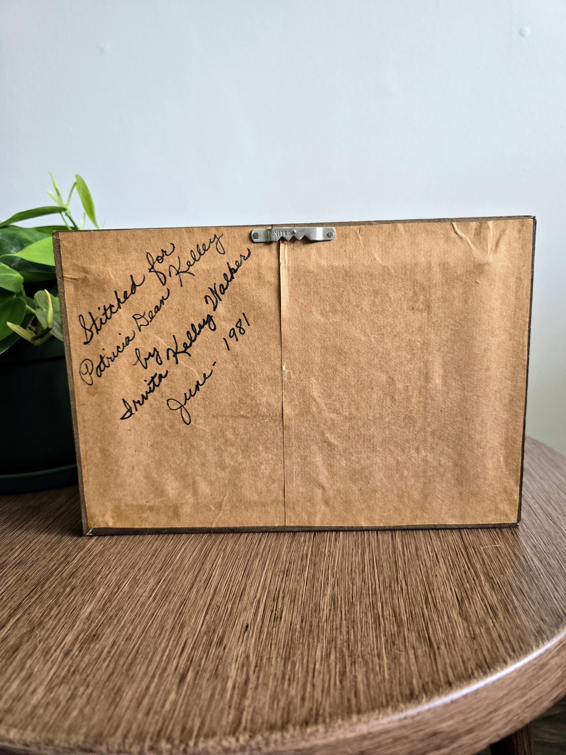 Back: Handwritten dedication: "Stitched for Patricia Jean Kelley by Kelley Wacker – June 1981"
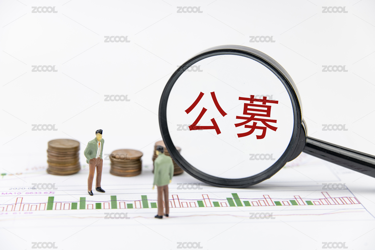 图表上的放大镜印着文字公募
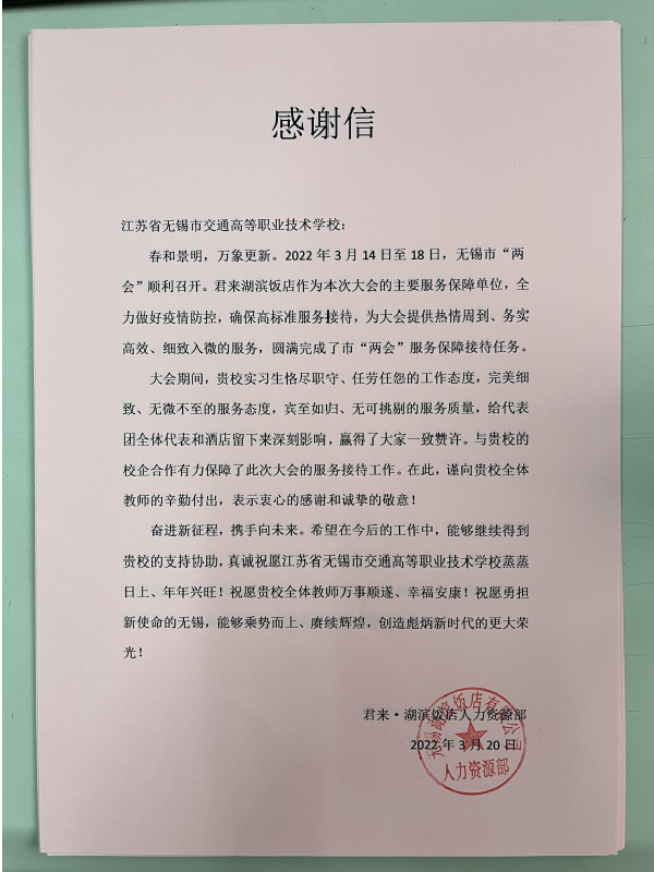 3月20日,无锡君来湖滨饭店向我院发来感谢信,衷心感谢船舶工程学院实习生在无锡市“两会”召开期间提供热情周到、务实高效、细致入微的服务,圆满完成了市“两会”服务保障接待任务。
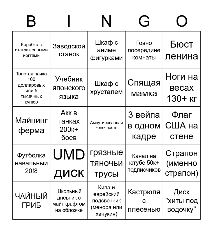 This bingo card has a free space and 24 words: UMD диск, Школьный дневник с майнкрафтом на обложке, Шкаф с хрусталем, ЧАЙНЫЙ ГРИБ, Бюст ленина, Коробка с отстриженными ногтями, Толстая пачка 100 долларовых или 5 тысячных купюр, Заводской станок, 3 вейпа в одном кадре, грязные тяночьи трусы, Спящая мамка, Майнинг ферма, Канал на ютубе 50к+ подписчиков, Страпон (именно страпон), Учебник японского языка, Кастрюля с плесенью, Флаг США на стене, Шкаф с аниме фигурками, Ноги на весах 130+ кг, Акк в танках 200к+ боев, Диск "хиты под водочку", Футболка навальный 20!8, Говно посередине комнаты and Кипа и еврейский подсвечник (менора или ханукия).
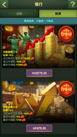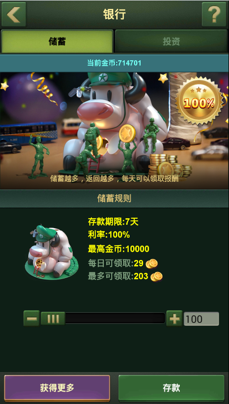 将金币存入银行,储蓄期限内每日连本带利返还一定数量的金币
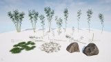 这是一套用于创建热带森林的竹子植物资源包,包含多种竹子模型、草地和石头模型。资源经过优化,适用于PC游戏项目,支持Pivot Painter 2.0动画和简单风力动画,并包含多个细节层次(LOD)。
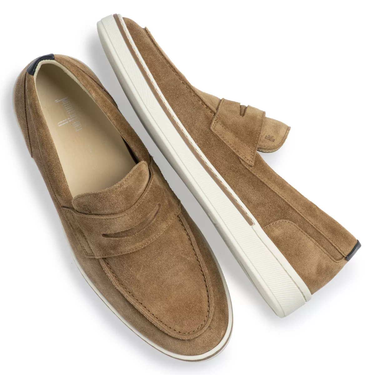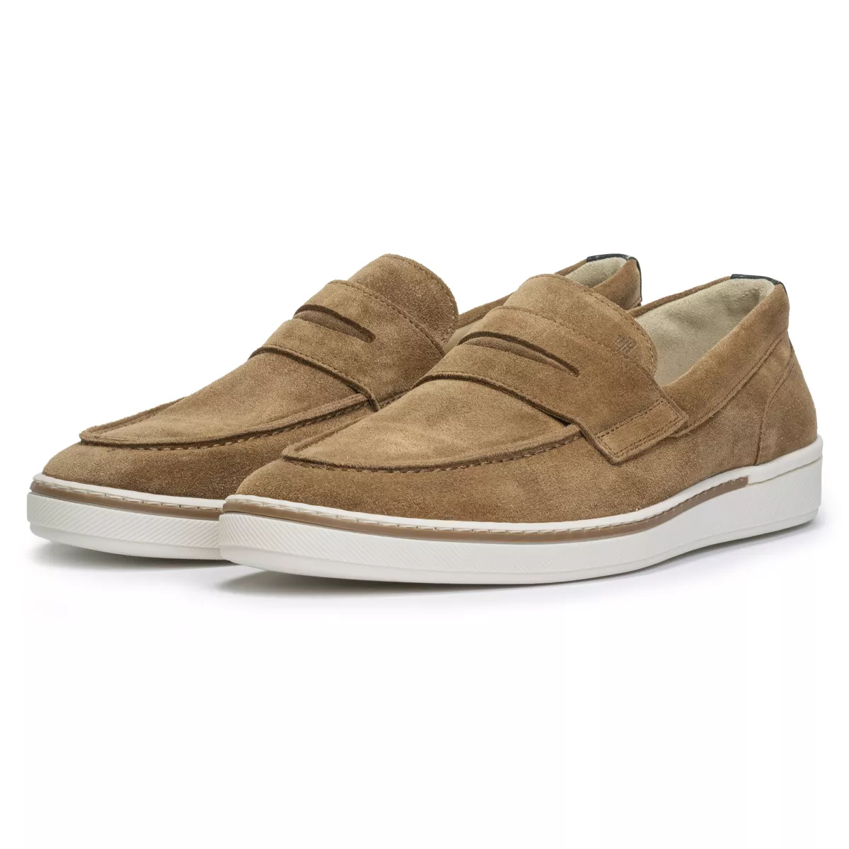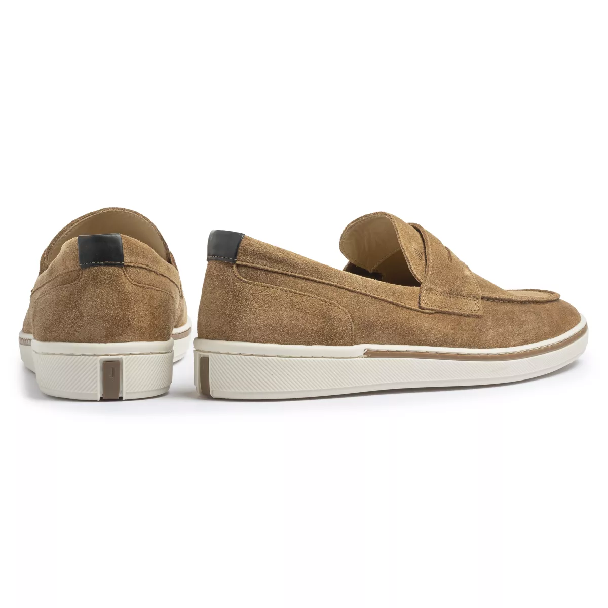 Deze stijlvolle casual loafer onderscheidt zich door zijn eenvoud. Het meest karakteristieke aan de schoen is het dunne strookje leer dat ingelegd is in de zijwand van de slijtvaste TPU zool. Het model is ingetogen sportief, de detaillering is klassiek. De schoen is gevoerd met eersteklas kalfsvoering en ingelegd met een comfortabel voetbed dat volledig uitneembaar is. Deze variant is uitgevoerd in klassiek lichtbruin suède dat gelooid is in Santa Croce SullArno in Pisa, Italië.
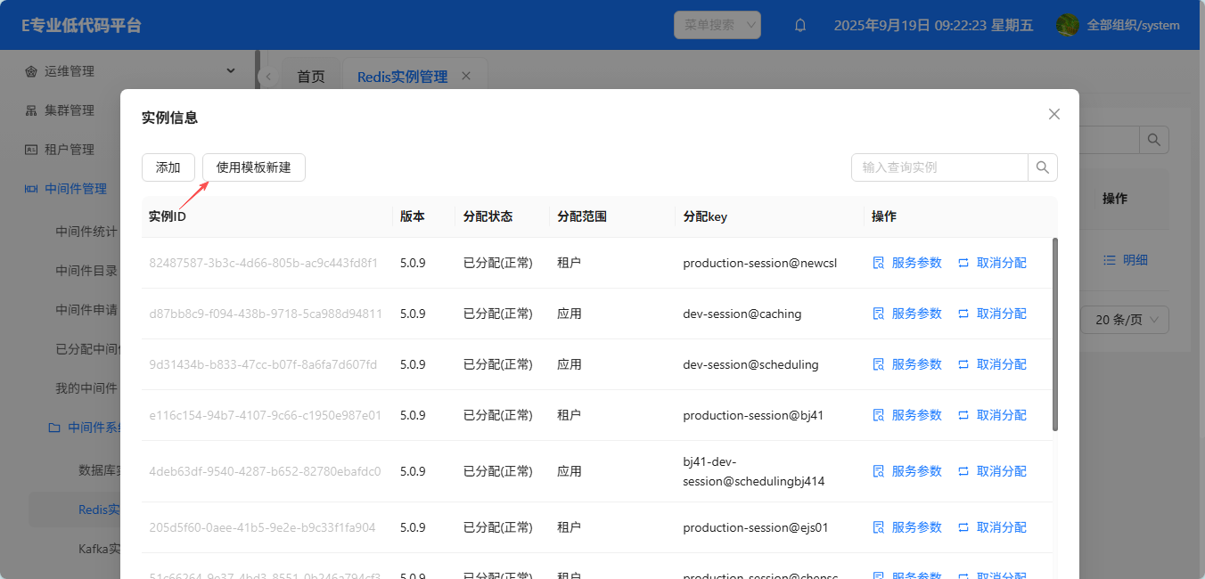 在实例列表中,如果没有可分配的实例,需要新建 Redis 实例。点击“使用模版新建”按钮,如下图所示
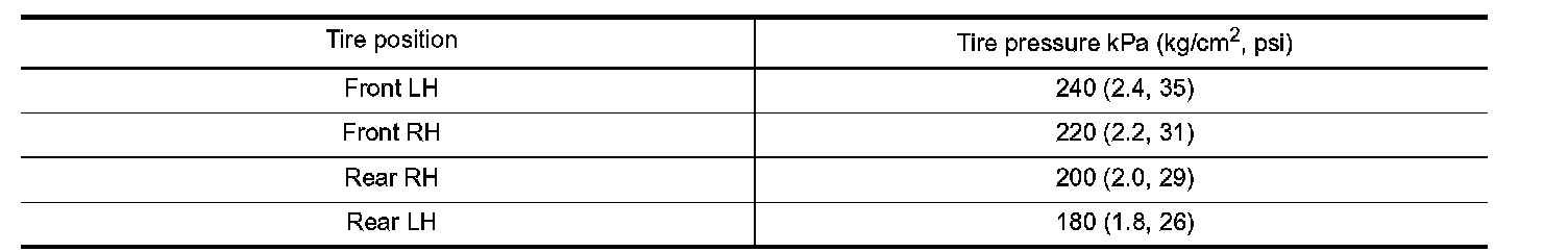1. Adjust the tire pressure for all wheels to match the list below.
________________________________________
> ASSIGNED TASK
From the first line to the last, write out the data exactly, dropping any pictures.

> RESPONSE
 Back: Handwritten dedication: "Stitched for Patricia Jean Kelley by Kelley Wacker – June 1981"
 图表上的放大镜印着文字公募
 3月20日,无锡君来湖滨饭店向我院发来感谢信,衷心感谢船舶工程学院实习生在无锡市“两会”召开期间提供热情周到、务实高效、细致入微的服务,圆满完成了市“两会”服务保障接待任务。
 This bingo card has a free space and 24 words: UMD диск, Школьный дневник с майнкрафтом на обложке, Шкаф с хрусталем, ЧАЙНЫЙ ГРИБ, Бюст ленина, Коробка с отстриженными ногтями, Толстая пачка 100 долларовых или 5 тысячных купюр, Заводской станок, 3 вейпа в одном кадре, грязные тяночьи трусы, Спящая мамка, Майнинг ферма, Канал на ютубе 50к+ подписчиков, Страпон (именно страпон), Учебник японского языка, Кастрюля с плесенью, Флаг США на стене, Шкаф с аниме фигурками, Ноги на весах 130+ кг, Акк в танках 200к+ боев, Диск "хиты под водочку", Футболка навальный 20!8, Говно посередине комнаты and Кипа и еврейский подсвечник (менора или ханукия).
 将金币存入银行,储蓄期限内每日连本带利返还一定数量的金币
 这是一套用于创建热带森林的竹子植物资源包,包含多种竹子模型、草地和石头模型。资源经过优化,适用于PC游戏项目,支持Pivot Painter 2.0动画和简单风力动画,并包含多个细节层次(LOD)。
 Deze stijlvolle casual loafer onderscheidt zich door zijn eenvoud. Het meest karakteristieke aan de schoen is het dunne strookje leer dat ingelegd is in de zijwand van de slijtvaste TPU zool. Het model is ingetogen sportief, de detaillering is klassiek. De schoen is gevoerd met eersteklas kalfsvoering en ingelegd met een comfortabel voetbed dat volledig uitneembaar is. Deze variant is uitgevoerd in klassiek lichtbruin suède dat gelooid is in Santa Croce SullArno in Pisa, Italië.
 在实例列表中,如果没有可分配的实例,需要新建 Redis 实例。点击“使用模版新建”按钮,如下图所示
1. Adjust the tire pressure for all wheels to match the list below.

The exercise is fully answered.